A soft sound behind him made him whirl about. The secretary had entered again through the inner door. She glanced at the vacant light bracket, then significantly at his bulging pocket. Her gaze was still as bland and innocent as when he had entered, but to Don she no longer seemed ordinary. Her very calmness in the face of his odd actions was distressingly ominous.
"Our Grand Chairman will see you now," she said in a quiet voice.
Don realized that he was half crouched in the position of an animal expecting attack. He straightened up with what dignity he could manage to find.
She opened the inner door again and Don followed her into what he supposed to be the office of the Grand Chairman of POSAT.
Instead he found himself on a balcony along the side of a vast room, which must have been the interior of the warehouse that he had noted outside. The girl motioned him toward the far end of the balcony, where a frosted glass door marked the office of the Grand Chairman.

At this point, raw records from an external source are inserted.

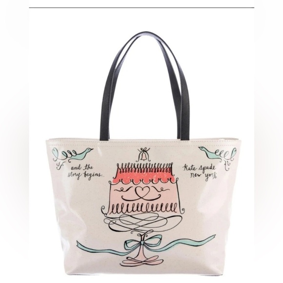 Kate Spade Wedding Bells (Cake) patent leather tote. Cream with pink and blue cake design. Pale blue logo lining. Like new except for two discolorations from storage. Seen in photos.
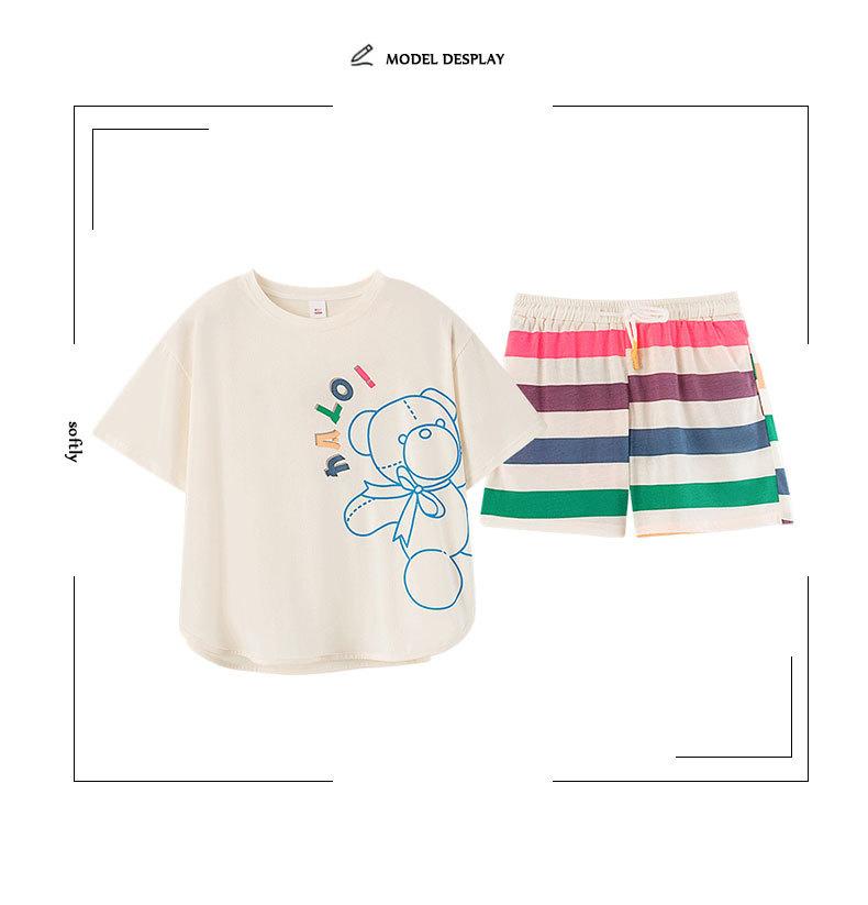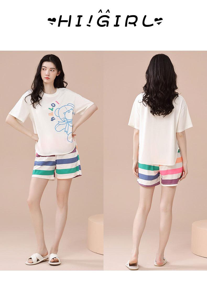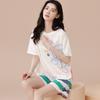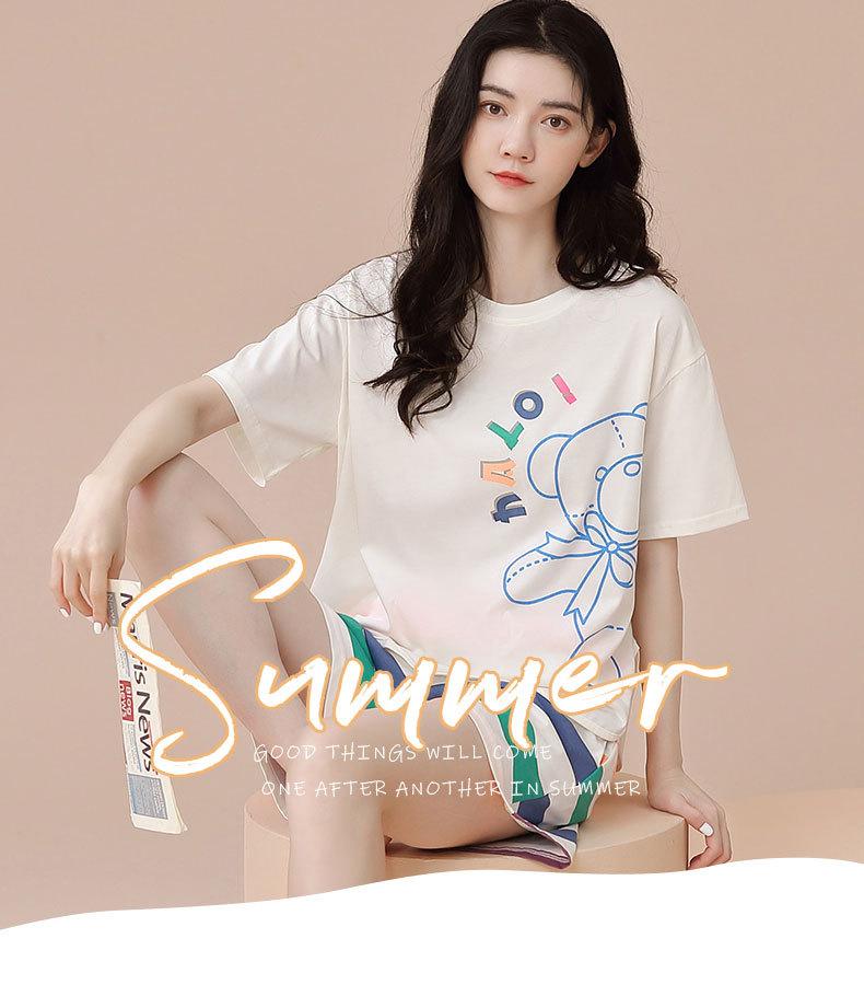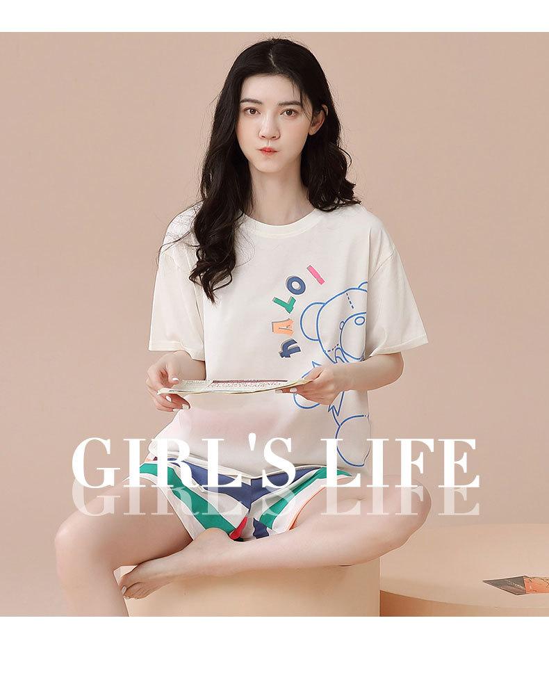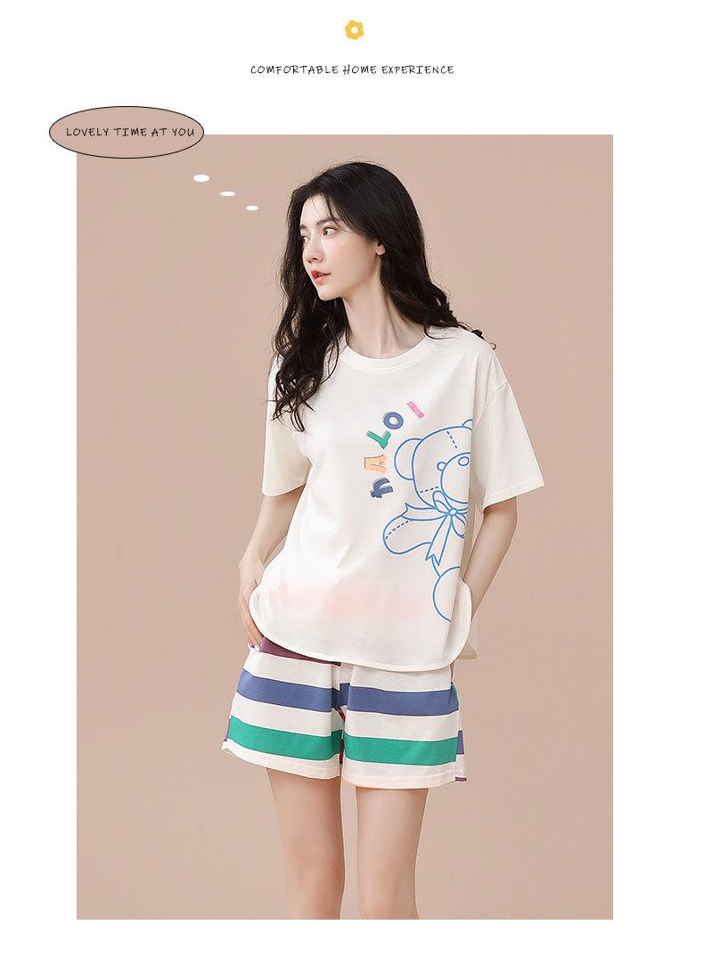 Pijamas de verano para mujer, nuevos pantalones cortos de algodón con dibujos animados, ropa de casa, traje fino y transpirable de dos piezas
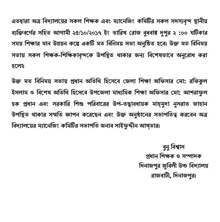 দিনাজপুর জুবিলী উচ্চ বিদ্যালয়ে ভর্তি কার্যক্রম শুরু হয়েছে। আসন্ন ২০১৮ শিক্ষাবর্ষের ভর্তিচ্ছু ১ম হতে ৯ম শ্রেণি পর্যন্ত নতুন শিক্ষার্থীদের ভর্তি ফরম বিতরণ আগামী ১৭/১২/২০১৭ ইং তারিখ হতে ০৪/০১/২০১৮ ইং তারিখ পর্যন্ত চলবে। ভর্তি ফরম জমাদান আগামী ২০/১২/২০১৭ ইং তারিখ হতে ০৪/০১/২০১৭ ইং তারিখ পর্যন্ত চলবে।
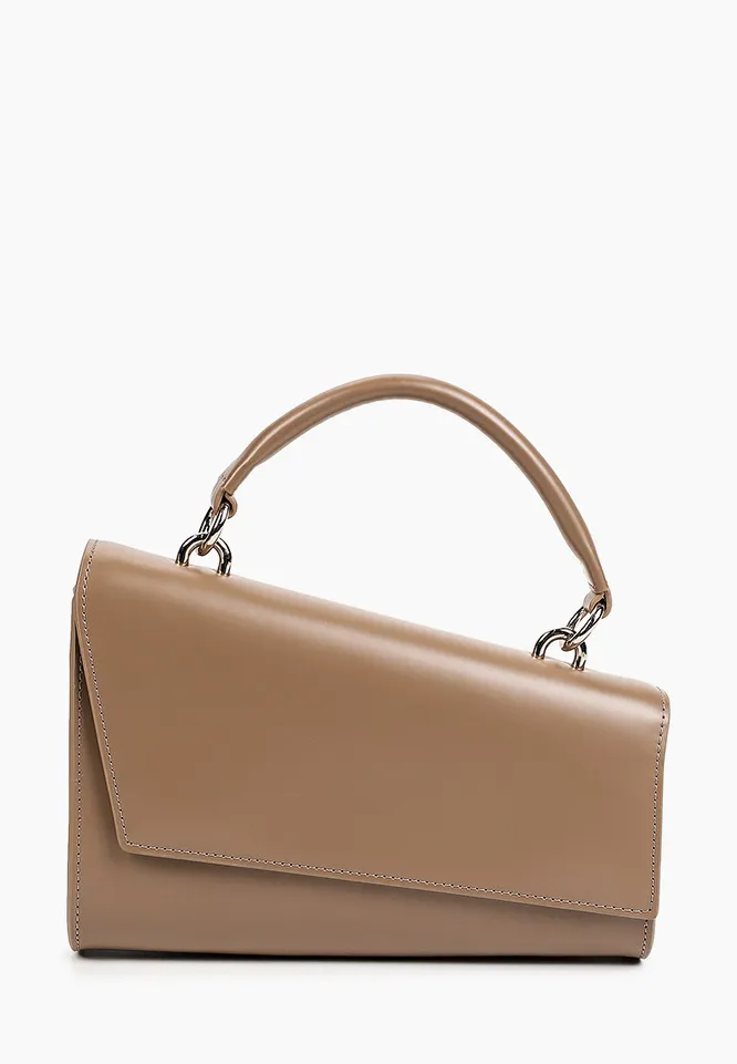 Одними из самых модных сумок зимы 2022 года стали модели асимметричных форм. Нашим фаворитом стала бежевая кожаная сумка в форме неправильной трапеции. Подобные модели одинаково хорошо смотрятся как в деловых, так и в будничных и вечерних луках. Нестандартный аксессуар добавит образу остроты и заставит заиграть по-новому даже самый простой и обычный аутфит вроде белой рубашки и джинсов. Старайся искать максимально лаконичные варианты без лишнего декора: асимметричные сумки и без этого смотрятся достаточно эффектно.
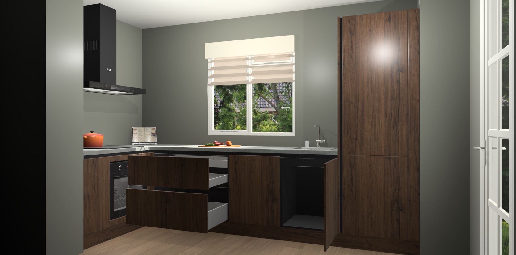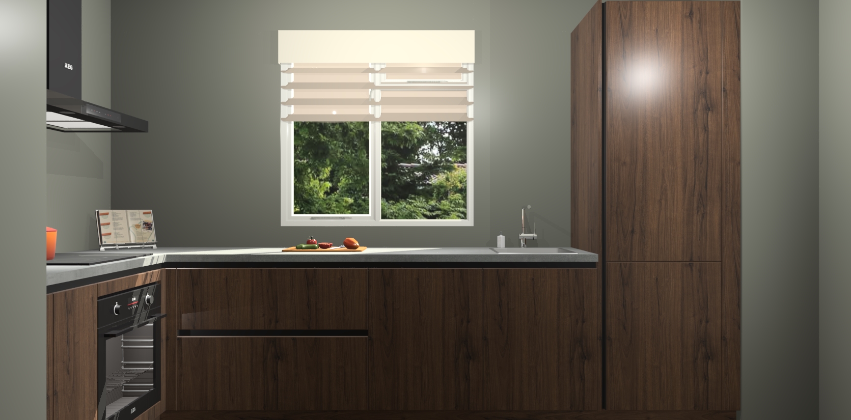 Moedige modernisten! De Noten greeploze keuken Luzern is het perfecte antwoord op al uw keukendromen. Dit geraffineerde, tijdloze ontwerp combineert strakke greeploze kasten zodat u die dure look krijgt zonder het dure prijskaartje. We weten dat planning en uitvoering de sleutels zijn tot een geslaagde keukenrenovatie, dus hebben we ervoor gezorgd dat we vijf inbouwapparaten in ons pakket hebben: een oven, inductiekookplaat, afzuigkap, vaatwasser en koelkast. Deze kunnen na bestelling gemakkelijk worden uitgebreid voor nog meer gemak.
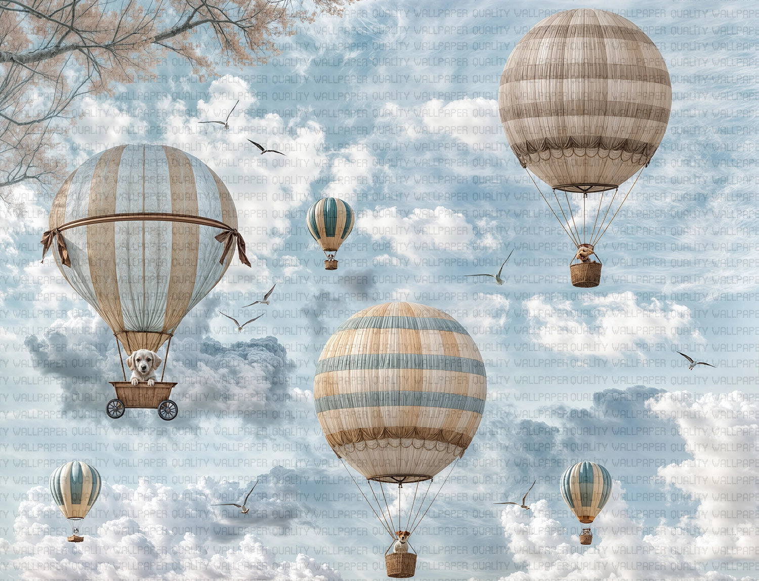 Bu tasarım, gökyüzünün sınırsız özgürlüğünü ve hayallerin peşinden gitme arzusunu bir araya getiriyor. Her bir sıcak hava balonu, pastel tonlardaki çizgileri ve zarif detaylarıyla, bulutların üzerinde süzülen birer rüya gibi. Balonların sepetlerinde yer alan sevimli köpekler, bu büyülü yolculuğa neşe ve masumiyet katıyor. Bulutlar, kuşlar ve hafifçe görünen ağaç dalları, izleyicide hafiflik, dinginlik, ilham ve maceraya dair bir uyanış hissi uyandırıyor. Bu görsel, hayatın güzelliklerini keşfetmeye, her zaman daha yükseklere ulaşmaya ve içimizdeki çocuksu ruhu canlı tutmaya teşvik eden bir çağrıdır. Her bakışta yeni bir maceraya davet eder, ruhu dinlendirir ve içsel bir huzur sunar.

But Don could not will his legs to move. His heart beat at the sight of the room below him. It was a laboratory, but a laboratory the like of which he had never seen before. Most of the equipment was unfamiliar to him. Whatever he did recognize was of a different design than he had ever used, and there was something about it that convinced him that this was more advanced. The men who bent busily over their instruments did not raise their eyes to the figures on the balcony.
"Good Lord!" Don gasped. "That's an atomic reactor down there!" There could be no doubt about it, even though he could see it only obscurely through the bluish-green plastic shielding it.